Be ready when you pick the worm off to either drop it into a bucket of water, or a combination of soap and water. Or if you prefer, cut the worm in half with shears. I actually started to feel sorry for one that clung to my glove, and then I remembered strike two. And if I had not pulled those four off of my grape tomato plant, there would be nothing left of it today. It’s also important to consider the Manduca life cycle – every hornworm you leave on a plant wanders around the garden and buries itself into your soil to become a pupa. The pupae lay second generation eggs in your soil to restart the cycle!

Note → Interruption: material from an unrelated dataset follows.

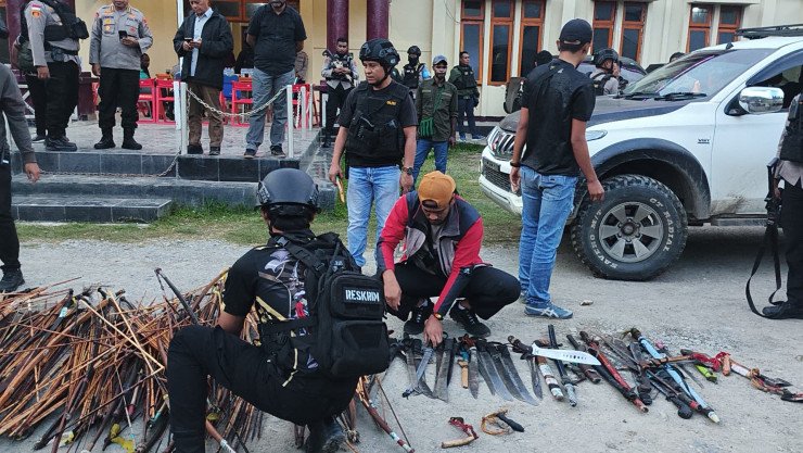 812 Senjata Tajam Diamankan Personil Gabungan Polda Papua Dalam Razia Di Tolikara

Wasps can help control hornworms, and I wonder if we have more of a problem this year because we have seen fewer wasps (for some unknown reason). If a hornworm has small, white cocoons on its back, leave it alone. The braconid wasp is doing the job for you. Attracting wasps near your garden can help control hornworms.

After a season with a particularly bad hornworm problem, it’s recommended that you pull up all tomato, eggplant and pepper plants to expose possible pupae. If you have chickens that can graze the soil after turning it, even better! If the problem is really bad, organic Bacillus thuringiensis can work as a biological control.

For all I will do to control hornworms, I still admire them as an example of adapted nature. They usually win – there is no way to find all of them in your garden, mostly because they are masters of disguise, looking just like a tomato branch or curled leaf. They eat well, undergo total metamorphosis and those that make it past vigilant gardeners or farmers get to live the dream so many of us have – they can fly. Over gardens, hovering by flowers. I still don’t feel bad about picking them off my tomatoes, though.